Dragonflies are an insect you don't see a lot of unless there's water nearby, like a pond or something.  Your backyard pool may draw them in too.  I don't know.  I don't have a backyard pool.  These don't bother me too much either.


So there's beetles and flies and I'm not sure what good either of these insects are either.  Especially the flies.  Owen asked me the other day why God made flies and really, I had no good answer for him, other than maybe God made flies so the spiders and birds and frogs would have something to eat.  Maybe the fly's only purpose is be something else's food.  What a horrible existence.  But, considering where a fly is usually born, I think I'd rather be eaten up sooner rather than later!


So I mentioned that these bugs have been finding their way out of their box for reasons other than what their purpose is.  Their purpose is for a fun little matching game for the preschool/kindergarten set.  We received this box-o-challenge as a hand-me-down from my nieces when they outgrew it.  It's made my Usborne, the same home sales company that offers children's books.

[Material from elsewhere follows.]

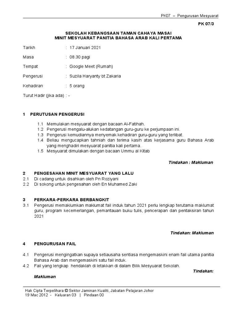 Contoh Minit Mesyuarat Format Terkini 2021 Portal Cikgu

Kids can learn about patterns and sequencing, matching not only the colors, but also the type of insect.

This box-o-bugs has served its purpose well in our house and is probably ready to be retired to the garage sale pile or handed down to a friend with younger children.  At any rate, I need to get the box-o-bugs out of the house.

"Why?" you might ask? 
Because, my kids think it's particularly funny to put bugs under my pillow, inside my underwear drawer, inside a shoe. 
You name it!

It all started with Owen.  He took a beautifully, colorful spider and hid it under his older brother, Evan's, pillow when no one was looking.  I'm tucking Evan in one night and he about hit the ceiling when he jumped out of bed realizing there was a spider in his bed!  Hilarious, I'm thinking, until two nights later, I find a whole colony of spiders inside my bed, under the sheets.

Yes.  I would say.  Those are VERY Busy Bugs!